### Assigned task
Below are records with pictures in them. Transcribe everything from the line containing "저의 경우, e2eml-jiho" down to the line containing "CeMiKa Tissé Bracelet", exactly, and leave the pictures behind.

### Task inputs
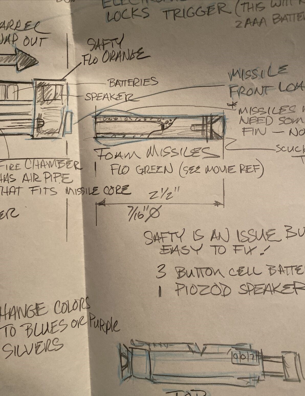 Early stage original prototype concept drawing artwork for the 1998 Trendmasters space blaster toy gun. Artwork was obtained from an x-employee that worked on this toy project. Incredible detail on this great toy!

--

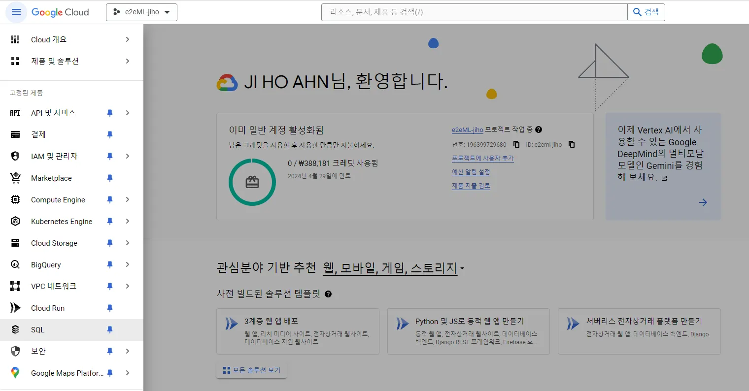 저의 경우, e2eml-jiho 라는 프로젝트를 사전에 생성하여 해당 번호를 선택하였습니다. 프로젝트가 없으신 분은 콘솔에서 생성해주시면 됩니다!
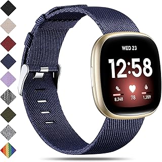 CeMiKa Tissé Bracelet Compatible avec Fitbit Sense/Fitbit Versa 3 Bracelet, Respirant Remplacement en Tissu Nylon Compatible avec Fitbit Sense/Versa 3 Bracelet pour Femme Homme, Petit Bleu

...

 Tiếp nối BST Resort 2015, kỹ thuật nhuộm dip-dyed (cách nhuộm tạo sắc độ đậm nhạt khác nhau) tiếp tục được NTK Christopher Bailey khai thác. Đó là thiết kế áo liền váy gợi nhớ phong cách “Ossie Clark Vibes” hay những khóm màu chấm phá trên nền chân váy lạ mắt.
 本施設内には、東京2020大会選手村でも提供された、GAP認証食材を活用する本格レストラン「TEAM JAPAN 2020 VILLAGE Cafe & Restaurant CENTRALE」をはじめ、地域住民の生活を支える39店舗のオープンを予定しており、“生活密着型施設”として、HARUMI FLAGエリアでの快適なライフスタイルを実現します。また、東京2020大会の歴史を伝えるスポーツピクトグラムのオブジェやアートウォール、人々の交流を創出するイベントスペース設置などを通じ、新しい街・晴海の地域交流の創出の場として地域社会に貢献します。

### Result
 저의 경우, e2eml-jiho 라는 프로젝트를 사전에 생성하여 해당 번호를 선택하였습니다. 프로젝트가 없으신 분은 콘솔에서 생성해주시면 됩니다!
 CeMiKa Tissé Bracelet Compatible avec Fitbit Sense/Fitbit Versa 3 Bracelet, Respirant Remplacement en Tissu Nylon Compatible avec Fitbit Sense/Versa 3 Bracelet pour Femme Homme, Petit Bleu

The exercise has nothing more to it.